Ironically, some doctors had latched onto insulin as a possible treatment for mental illness in the mid-20th century, when “insulin shock therapy” became popular as a last-ditch treatment for schizophrenia. The treatment pumped patients so full of the hormone that they would go into a diabetic coma.

While some schizophrenics, such as John F. Nash Jr, the mathematician portrayed in the movie A Beautiful Mind, showed improvement from the shock treatment, up to 10 percent of the patients died, and by the early 1960s, insulin therapy had gone onto the scrapheap of medical history.

FAREWELL TO ALL: Alzheimer’s claimed Ronald Reagan’s life in June 2004.

When Roth began his research for the National Institute of Health 25 years ago, most neurologists agreed that insulin played a negligible role in brain chemistry.

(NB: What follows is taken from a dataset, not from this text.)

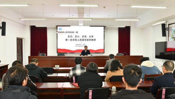 2月25日下午,新教师入职培训结业仪式在办公楼302会议室举行,党委书记许琰,副校长董黎生、胡殿宇出席仪式,指导导师代表和新入职教师参加结业仪式。党委书记许琰以《正己、正心、正德、立学,做一名党和人民满意的好教师》为题为新教师讲授入职思政第一课。

Insulin levels in the brain were low compared with levels in the rest of the body, and the brain seemed to have limited need for the hormone.

But Roth’s team at NIH showed that brain cells possess insulin receptors to grab the hormone as it floated by and took pictures of insulin binding to receptors in rats’ brains. They argued that insulin played a complex role in brain cells, from cell repair to self-defence. Far from being a bit player in the brain, Roth suggested that insulin “has a very rich job description”.

When De la Monte started her insulin research in the early 1990s, the neuropathologist was amazed that few scientists had built on Roth’s work. She used a chemical treatment to drastically reduce insulin levels in the brains of rats and found that they developed Alzheimer’s symptoms, including large-scale cell death. She says, “Immediately I knew we had to stop everything we’re doing and focus on Alzheimer’s.”

In recent years, De la Monte’s lab has shown that the brain actually produces insulin itself rather than relying on insulin from the pancreas that circulates in the body. Last year, in a study of brain samples from 45 Alzheimer’s patients, De la Monte found that the number of insulin receptors in the frontal cortex, the centre of intellect, drops by 80 per cent in advanced cases of the disease, meaning that the cells don’t get the insulin they need to survive. “Insulin disappears early and dramatically in Alzheimer’s disease,” says De la Monte, who also teaches pathology at Brown University Medical School. “Many of the unexplained features of Alzheimer’s, such as cell death and tangles in the brain, appear to be linked to abnormalities in insulin signaling.”

Of course, other Alzheimer’s researchers say it’s too soon to say that insulin defects are the most important cause of the disease. Large-scale studies have also shown that high blood pressure, obesity, and cardiovascular disease put people at higher risk. “It is a real stretch to call Alzheimer’s disease Type 3 diabetes,” said Dr Hugh C. Hendrie, co-director of the Center for Alzheimer’s Disease and Related Neuropsychiatric Disorders at Indiana University.